Student planners from Rutgers led the information-gathering session at the T. Thomas Fortune Cultural Center. Below, a map on display at the event. (Photo by John T. Ward. Click to enlarge.)
By JOHN T. WARD
Worries about gentrification and pedestrian safety were at the fore as Red Bank residents gathered for a brainstorming session about the future of Shrewsbury Avenue Wednesday night.
The audience at the event. (Photo by John T. Ward. Click to enlarge.)
Held at the T. Thomas Fortune Cultural Center on Drs. James Parker Boulevard, the session was led by graduate students in urban planning at Rutgers University’s Bloustein School of Planning and Public Policy. They’re participating in a “design studio” led by planners Susan Gruel and Fred Heyer, whose firm, Heyer Gruel & Associates, is based on Broad Street.
About half the two dozen or so audience members indicated that they lived in or near the Shrewsbury Avenue corridor. Asked to identify what they like about it, participants cited the area’s ethnic and racial diversity, its walkability and its small restaurants and shops, among other pluses.
But traffic, pedestrian safety and housing affordability were overriding concerns.
“Shrewsbury Avenue has replaced Route 35 as the quickest way through Red Bank,” said Dr. Gene Cheslock, founder of the Parker Family Health Center, located on Shrewsbury Avenue. That endangers pedestrians trying to cross the avenue, he said.
“It’s always been a nightmare” for senior citizens who live at the River Street Commons when crossing the avenue to visit the pharmacy and other businesses, said Amy Goldsmith, of Locust Avenue.
Nancy Blackwood of Chestnut Street said the traffic forces bicyclists onto the sidewalk “because the street is so unsafe.”
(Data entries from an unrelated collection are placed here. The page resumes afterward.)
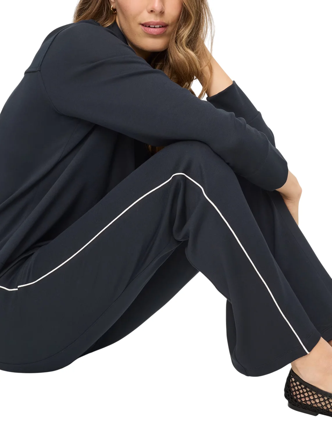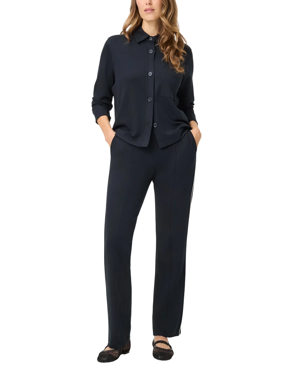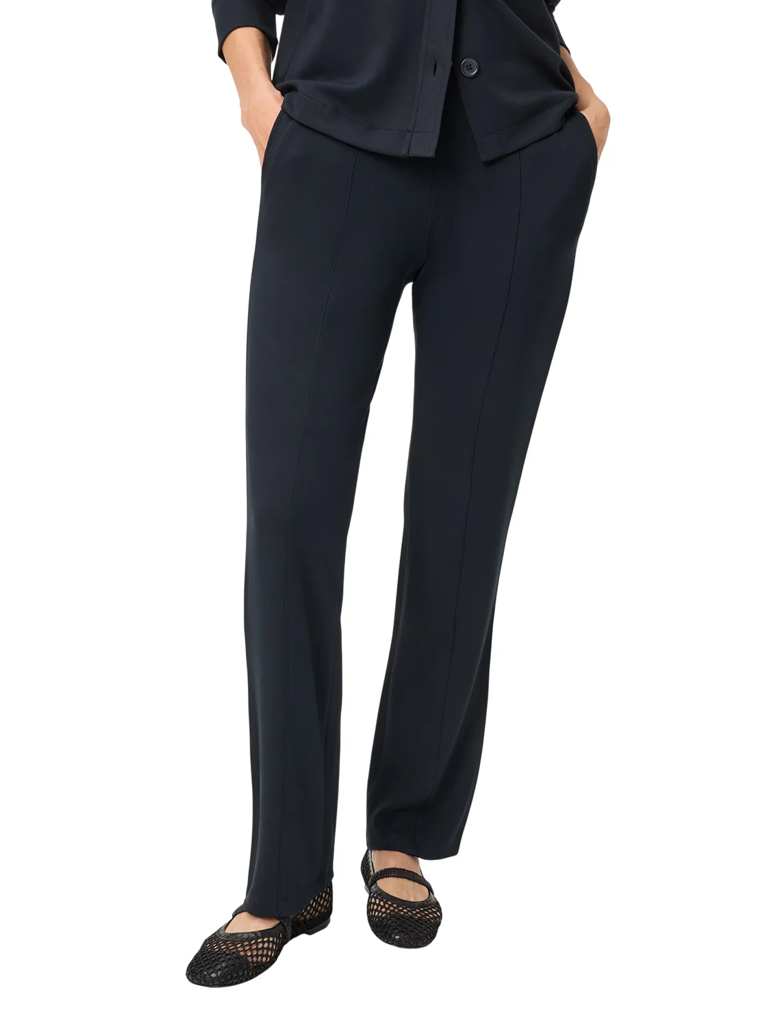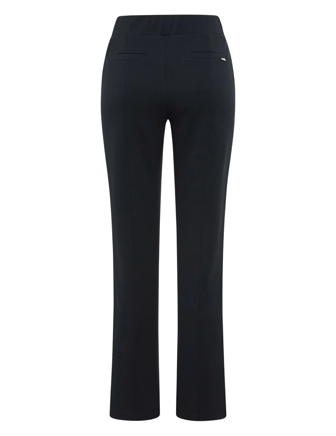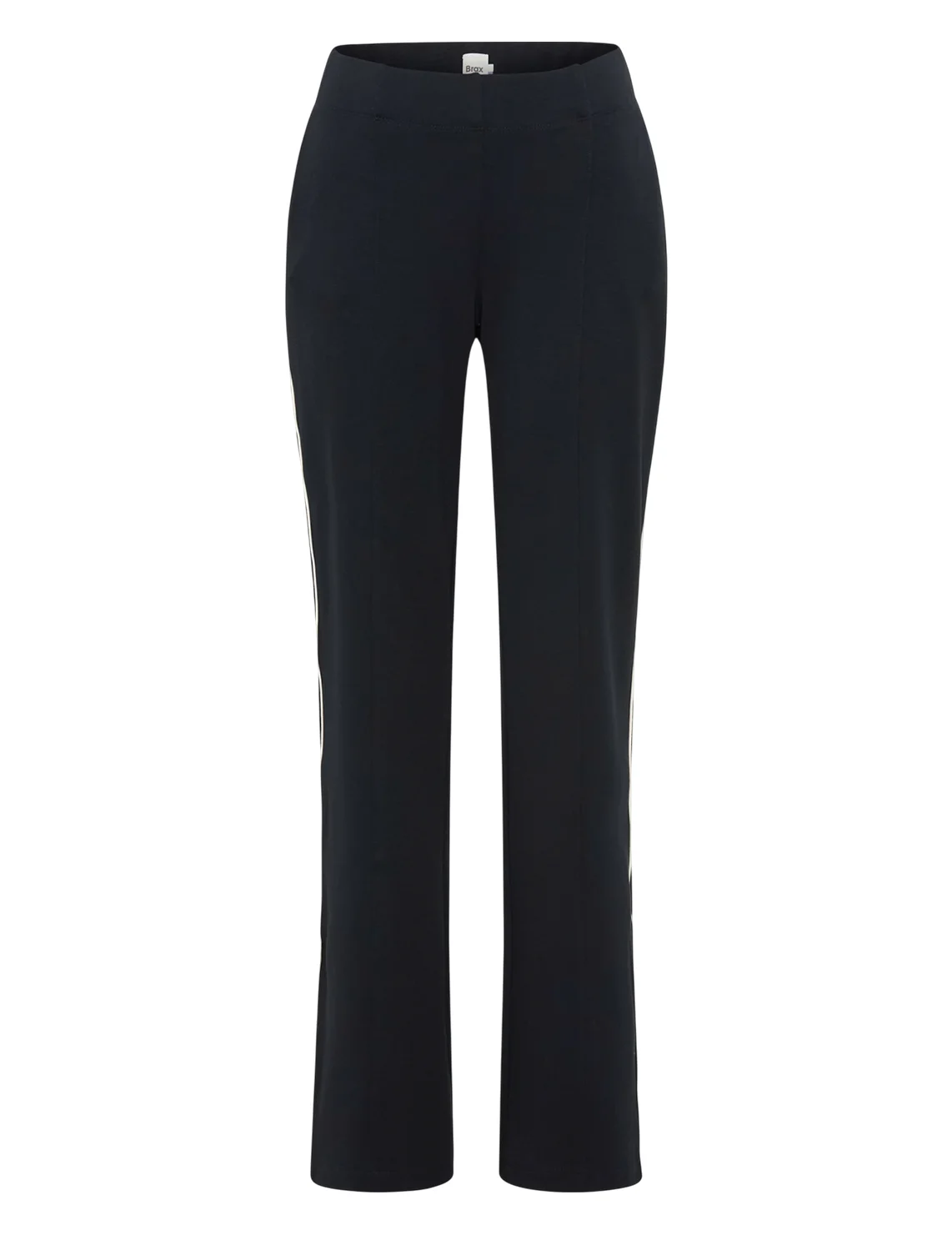 Брюки изготовлены из вискозы, полиэстера и эластана. Модель выполнена в прямом крое. Имеет эластичный пояс, простроченные стрелки, прорезные карманы по бокам и декоративные карманы сзади. Декорированы контрастным кантом по бокам штанин.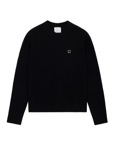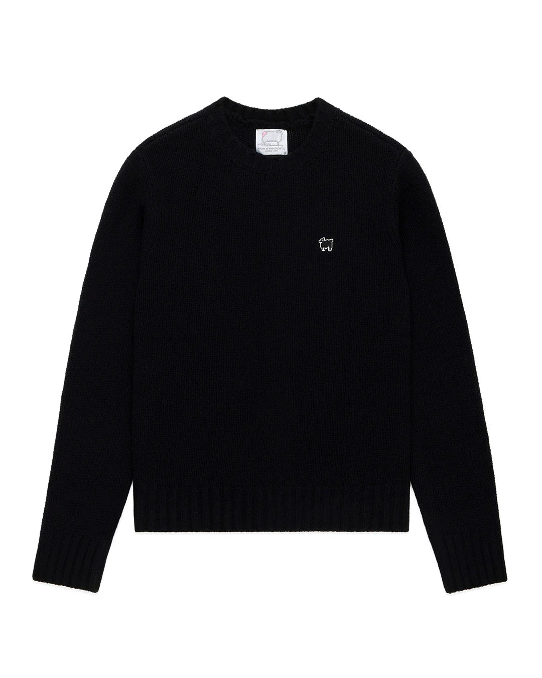 - Wool-and-cashmere blend crewneck sweater featuring Warm & Wonderful’s iconic “Black Sheep” icon on the left chest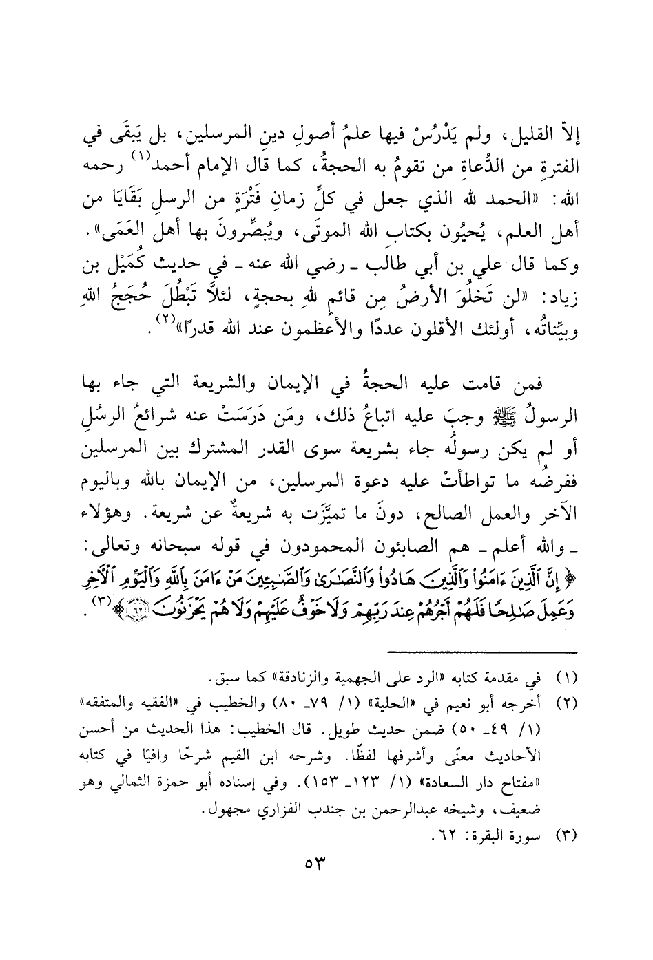 وكما قال علي بن أبي طالَب -رضي الله عنه- في حديث كُمَيْل بن زياد: "لن تَخلُوَ الأرضُ مِن قائمٍ لله بحجةٍ، لئلاَّ تَبْطُلَ حُجَجُ الله وبيِّناتُه، أولئك الأقلون عددًا والأعظمون عند الله قدرًا" (2). فمن قامت عليه الحجةُ في الإيمان والشريعة التي جاء بها الرسولُ - صَلَّى اللَّهُ عَلَيْهِ وَسَلَّمَ - وجبَ عليه اتباعُ ذلك، ومَن دَرَسَتْ عنه شرائعُ الرسُلِ أو لم يكن رسولُه جاء بشريعة سوى القدر المشترك بين المرسلين ففرضُه ما تواطأتْ عليه دعوة المرسلين، من الإيمان بالله وباليوم الآخر والعمل الصالح، دونَ ما تميَّزَت به شريعةٌ عن شريعة. وهؤلاء -والله أعلم- هم الصابئون المحمودون في قوله سبحانه وتعالى: (إِنَّ الَّذِينَ آَمَنُوا وَالَّذِينَ هَادُوا وَالنَّصَارَى وَالصَّابِئِينَ مَنْ آَمَنَ بالله وَالْيَوْمِ الآخر وَعَمِلَ صَالِحًا فَلَهُمْ أَجْرُهُمْ عِنْدَ رَبِّهِمْ وَلَا خَوْفٌ عَلَيْهِمْ وَلَا هُمْ يَحْزَنُونَ (62)) (3).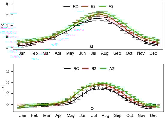 Annual cycles of the 10-day average soil temperatures (in C) in the upper soil layer (5 cm deep) in the RC (black), FC (red) and FC (green) at (a) plains and (b) high mountains. The standard deviations are also plotted (vertical bars).

Participants also called out a need for affordable housing that has adequate setbacks from the street, as well as more public spaces, both for children to play in and for adults to gather socially.
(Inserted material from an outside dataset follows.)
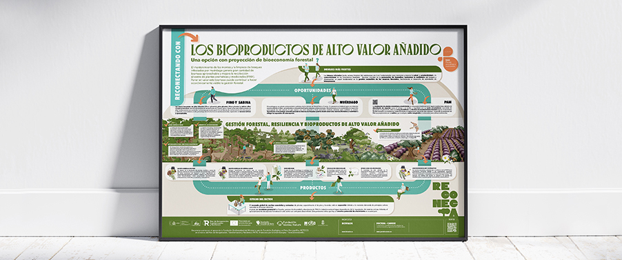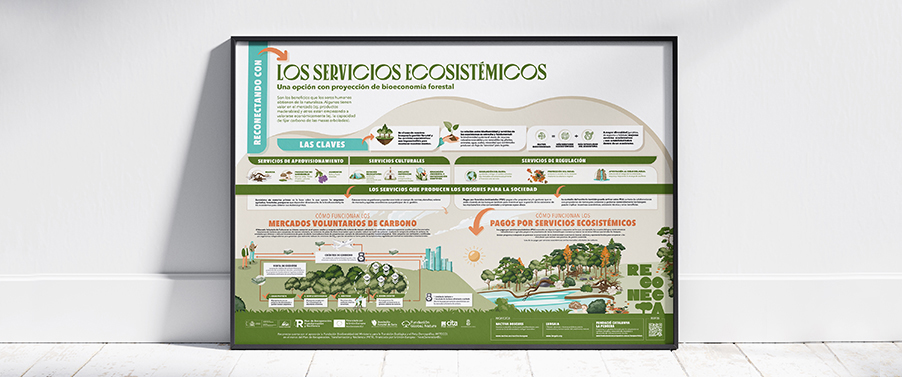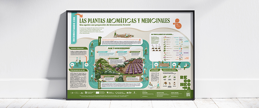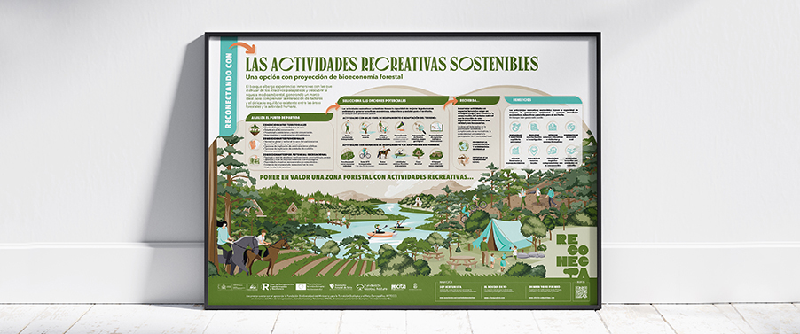 Para acercar a los propietarios tanto las necesidades como para fomentar el emprendimiento respetuoso se han desarrollado 13 Infografías explicativas en las que se desgranan todas las posibilidades que ofrece los terrenos. Desde la apicultura y las plantas aromáticas, a la producción de madera o productos no maderables… pasando por las actividades recreativas y los servicios ecosistémicos, todo un abanico de posibilidades que se abren y desglosan.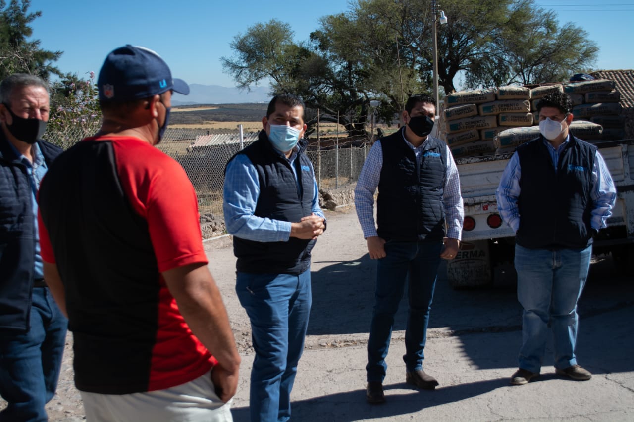 La Piedad, Michoacán a 17 de Febrero del 2021.-En su gira de trabajo por las comunidades rurales, nuestro alcalde Alex Espinoza, visitó esta mañana la comunidad de Jauja para entregar cemento.

redbankgreen was unable to stay for the entire event, which was also scheduled to include discussion of ideas for a Broad-to-the-river concept linking Broad Street and the Navesink waterfront.
The students said they intend to return to Red Bank in about a month to present a “planning document” for public consideration, said one of the students. No date for the event has yet been determined.
Last December, undergrads from the Bloustein program presented ideas for transforming Monmouth Street in the area of the train station.